Sri Lanka Savings Bank
- Industry: Bank
- Founded: 2006
- Headquarters: Sri Lanka
- Subsidiaries: National Savings Bank

= Sri Lanka Savings Bank =

Sri Lankan licensed specialised bank

Sri Lanka Savings Bank Limited is a Sri Lankan licensed specialised bank. It is a subsidiary of the parent organisation National Savings Bank.

== Corporate history ==
The Sri Lanka Savings Bank was established in July 2006 as a private limited company under the Banking Act No. 30 of 1988. It was incorporated under the provisions of the Companies Act. The bank obtained license to operate as a specialised bank from the Central Bank of Sri Lanka.

In October 2019, the National Savings Bank confirmed that it had officially taken over the Sri Lanka Savings Bank as a fully owned subsidiary. In March 2021, the ICRA Lanka Limited reaffirmed the credit rating of Sri Lanka Savings Bank to BBB− with immediate effect.

Sri Lanka Savings Bank generated a profit after tax amounting to Rs. 445 million for the financial year ending 31 December 2022. The bank recorded a significant increase in profit after tax by 74 percent from the previous financial year. The bank reported a profit after tax of Rs. 255 million for the financial year ending 31 December 2021.

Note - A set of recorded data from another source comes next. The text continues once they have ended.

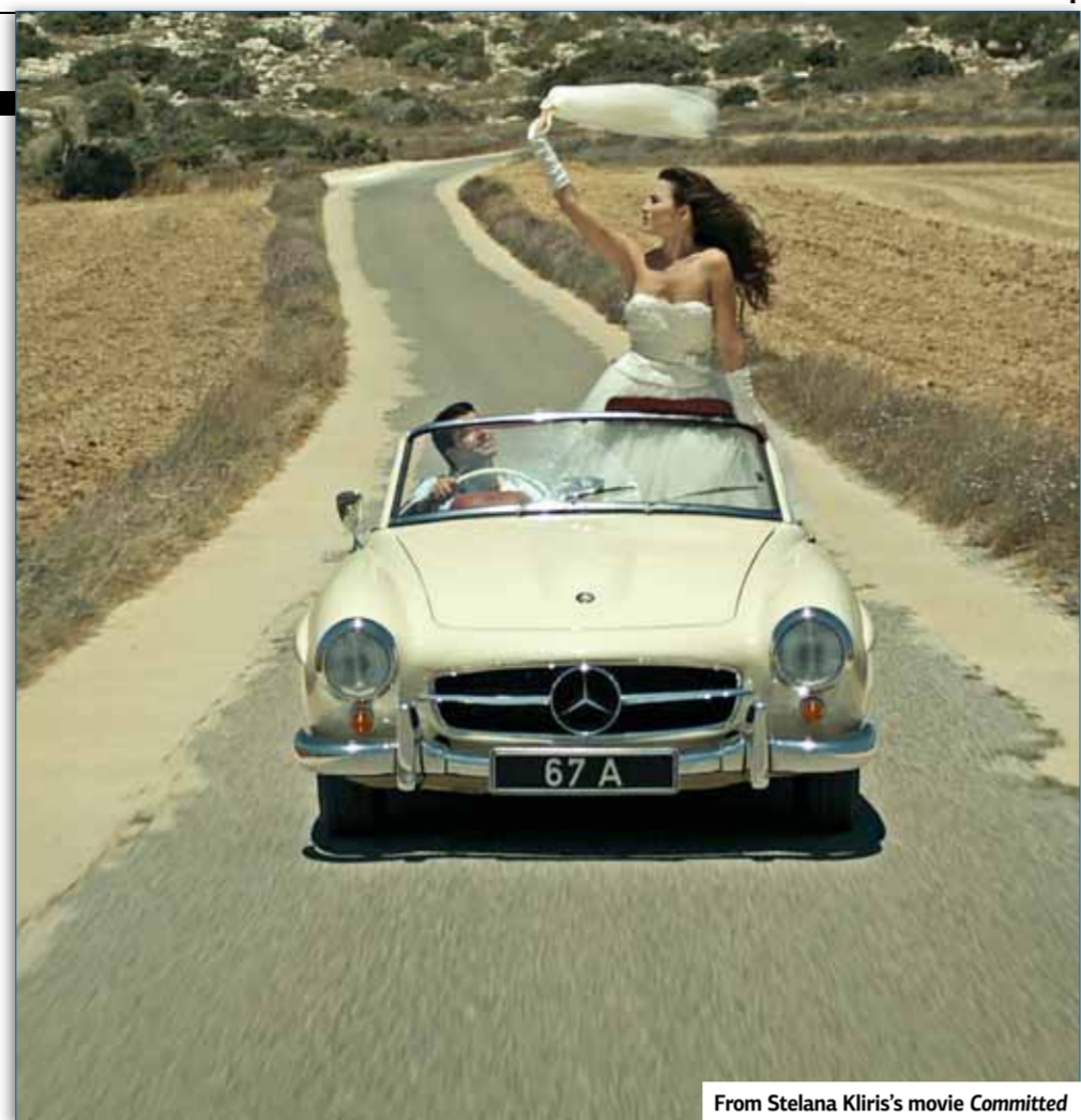
From Stelana Kliris's movie Committed

The Delphi Bank Greek Film Festival turns 21 this year, returning with an outstanding program of contemporary Greek cinema.
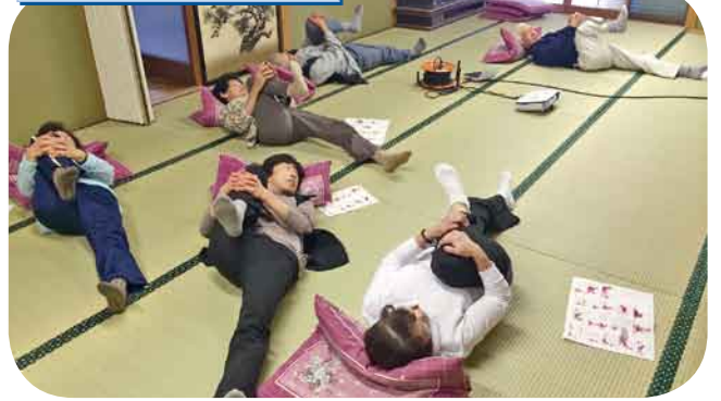
ころばん・腰痛体操 足を抱えて、ストレッチ! 腰周りの筋肉を鍛えました。
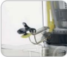
Tappo salvagoccia Drip cap
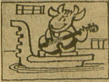
Tarybinė karvė su gitara lietuviškoj Venecijojej.

Nepaisydamas šalčio, greitai atsidiuru toje Vorėnų kolūkie karvių fermoje. Ir tikrai, jeigu būčiau pašaipūnas, pasakyčiau, kad čia nedaug trūksta, jog karvės pradėtų laiveliais plaukioti.
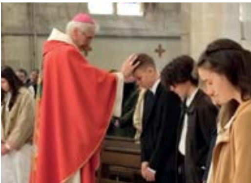
Dimanche 26 octobre à Doué-la-Fontaine, célébration de la confirmation pour dix jeunes de nos paroisses, en présence de Mgr Delmas.
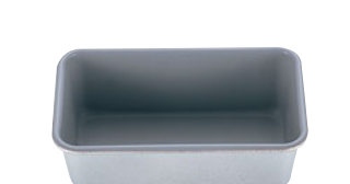
68-14 END アルフツプレス バウンドF2073

内寸 (mm) 高さ (mm) 底寸 (mm) 入数 128×66×40 118×56 790001540 材質 硬質アルミにフッ素樹脂加工

In 2023, Dushayanta Basnayake was appointed as the chairman of the Sri Lanka Savings Bank. In 2023, according to a report by the Daily FT, Sarvodaya Development Finance had reportedly expressed keen interest in acquiring Sri Lanka Savings Bank, as the latter was deemed to be struggling with operational inefficiencies and financial instability. However, the reports about the potential acquisition of Sri Lanka Savings Bank by Sarvodaya Development Finance were brushed off by the Sri Lankan Savings Bank.